Personal opinions and a constitution

The Associated Press today is carrying a fascinating story about Gov. Tim Pawlenty’s latest trip to Iowa, during which he explained his view of the role of judges in the same-sex marriage debate.


Granted, Pawlenty repeated many of the same stump-style phrases we’ve heard before. But he said it in Iowa, where the Supreme Court last year ruled a definition of marriage as between one man and one woman was unconstitutional. And he said it on a day when a San Francisco federal court judge said same-sex marriages could resume in California in about a week.

“I think the law should support that, and to the extent you have judges inserting their personal views to change that, I don’t like it,” Pawlenty said of traditional marriage.

Pawlenty’s comments, however, reduce legal rulings in Iowa and San Francisco to mere personal opinions, when, in fact, both cited case law in building the foundation for their ruling.

There may well be case law that Pawlenty has in mind to counter the the rulings, but he doesn’t provide it. He provides his opinion that marriage should be between a man and a woman.

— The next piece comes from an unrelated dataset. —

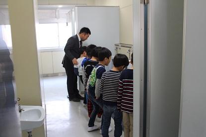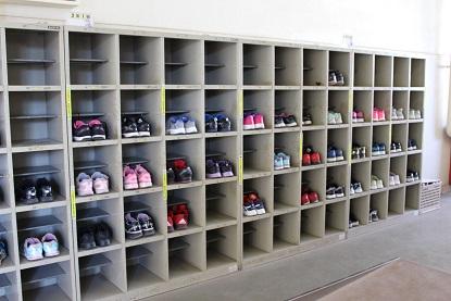 昇降口から教室に行く途中の職員室に、多くの子があいさつをしています。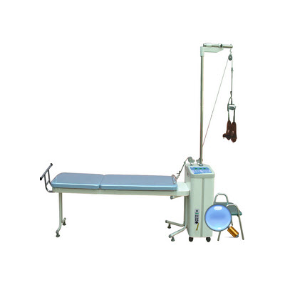 LK-02电动颈腰椎牵引床:微电脑控制,数码显示,电动上力,同时治疗两个病人“颈椎牵引”和“腰椎牵引”2、持续、间歇两种牵引方式任选,间歇时间连续可调,并

In Iowa’s Supreme Court ruling, the justices seemed to anticipate Pawlenty’s — and others’, of course — reaction, reminding them that people wrote the constitution of the state with the idea that judges would uphold it, rather than bending to popular opinion:

When individuals invoke the Iowa Constitution’s guarantees of freedom and equality, courts are bound to interpret those guarantees. In carrying out this fundamental and vital role, “we must never forget that it is a constitution we are expounding.” M’Culloch v. Maryland, 17 U.S. (4 Wheat.) 316, 407, 4 L. Ed. 579, 602 (1819). It speaks with principle, as we, in turn, must also. See State v. Wheeler, 34 P.3d 799, 807 (Wash. 2001) (Sanders,

J., dissenting).

Finally, it should be recognized that the constitution belongs to the people, not the government or even the judicial branch of government. See Iowa Const. art. I, § 2 (“All political power is inherent in the people. Government is instituted for the protection, security, and benefit of the people, and they have the right, at all times, to alter or reform the same, whenever the public good may require it.”). While the constitution is the supreme law and cannot be altered by the enactment of an ordinary statute, the power of the constitution flows from the people, and the people of Iowa retain the ultimate power to shape it over time. See Iowa Const. art. X (“Amendments to the Constitution”).

The same is true in the California case. The judge there provided 81 citations of law that he said prove — under the Constitution — that people of the same sex have access to civil marriage. He also anticipated the reaction

“An initiative measure adopted by the voters deserves great respect. The considered views and opinions of even the most highly qualified scholars and experts seldom outweigh the determinations of the voters. When challenged, however, the voters’ determinations must find at least some support in evidence. This is especially so when those determinations enact into law classifications of persons. Conjecture, speculation and fears are not enough. Still less will the moral disapprobation of a group or class of citizens suffice, no matter how large the majority that shares that view. The evidence demonstrated beyond serious reckoning that Proposition 8 finds support only in such disapproval. As such, Proposition 8 is beyond the constitutional reach of the voters or their representatives.”

So what are the justices saying? That when it comes to interpreting a constitution, your personal opinions don’t matter, either.

It’s also important to note that in both cases, the judges are ruling, not on a moral question, nor even on a traditional question, but on a constitutional question that demands that those who disagree provide constitutional reasons in response.

There are two possible solutions for those who disagree with the rulings. One is to change the constitution. The other is to change the judges and hope they read the constitution differently.

In Iowa, Pawlenty is supporting the latter. A movement there is seeking to replace the three justices who ruled — unanimously — in the Iowa case.

If you’ve never quite understood why Minnesota did not allow judges running for election to give their views on issues, this is why.